Fall Back: The End of Daylight Savings

Fall Back: The End of Daylight Savings


As the end of daylight savings approaches, I reminisce of the fond memories in the past. I used to look forward to this day as a guilt-free way to get an extra hour of sleep. I would wake up in the morning feeling refreshed, and then would look at the clock and find out that I still had the full day ahead of me. However, in the more recent years, I haven’t been able to enjoy this day as much as life around me doesn’t “respect” daylight savings. First, when I became a parent, I quickly found out that you are on your baby’s schedule. My baby has no interest in an extra hour of sleep and generally prefers to be awake. Second, I am an analyst that supports an EHR that is in use 24x7x365. For many of us, we just think of that extra hour of sleep. However, for healthcare workers it is a shortened version of Groundhog Day. 1 – 2 AM on Sunday, November 5th, will repeat twice.

When I think of the complexities of providing patient care during that time, I envision what conversations happen during that hour or during the shift change later that morning. How do you clearly communicate time based information when a period of time repeats?

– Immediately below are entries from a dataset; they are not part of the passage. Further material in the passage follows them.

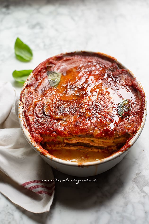 Ecco pronta la vostra Parmigiana di melanzane e zucchine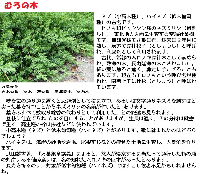 むろの木は、ヒノキ科ビャクシン属の鼠刺し(ねずみさし)です。4月頃に、花をさかせます。杉の葉に似た葉が細く鋭く、鼠さえも刺すことができることから、鼠刺し(ねずみさし)という名がついたそうです。ネズとも呼ばれます。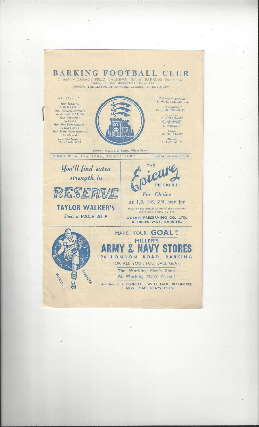 1957/58 Barking v Harwich & Parkeston Essex Senior Cup Football Programme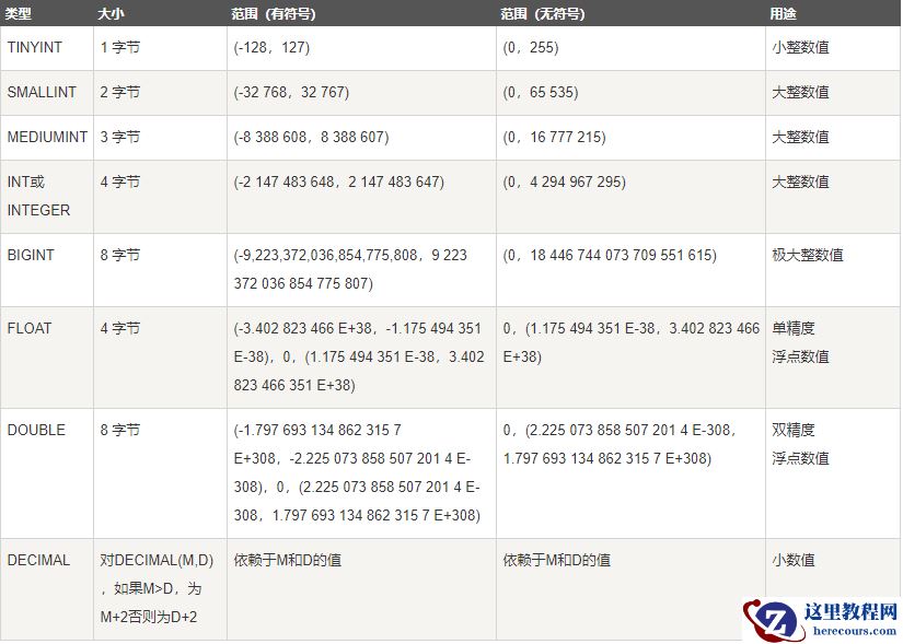 (1)数值类型

Nurse Betty: “Yes, the patient is doing well. I took her vitals last at 1:15 AM and administered her medications.”

Nurse Joe: “Okay, was that the first 1:15 AM or the second 1:15 AM today?”

Or here is another scenario where the timestamps are confusing or misleading:

Nurse Joe: “So, I see here that the patient is still complaining of pain. It looks like you gave her meds at 1:05 AM and her pain scale says it is a 7 at 1:55 AM. What is the plan for controlling her pain?”

Nurse Betty: “Actually, the patient had pain around 1:55 AM (the first 1:55 AM of the day) and then we gave her medications 10 minutes later (at the second 1:05 AM). Let’s go check her pain level now to see if it has improved.”

If that isn’t confusing enough, then I think about the complexities in the database. How can an EHR maintain proper data integrity when the same hour repeats on the same day? How is time sensitive information displayed chronologically when the first 1:55 AM displays before the second 1:05 AM? In talking with other healthcare organizations, some have no choice and must have a paper down-time process during the repeated hour. This solution is hardly desired as clinical users are dependent on their EHRs. Even if there is a paper downtime and that paper gets scanned in, clinicians are expecting data at their fingertips and displaying nicely in reports. They may not think to look for a document that they may, or may not, know was scanned into the chart. However, there are some lucky ones that their EHR can handle a decompressed timeline for that 1-2 AM hour that repeats. Hopefully those employees, who have children, have children that enjoy to sleep in. And maybe they are looking forward to the end of daylight savings.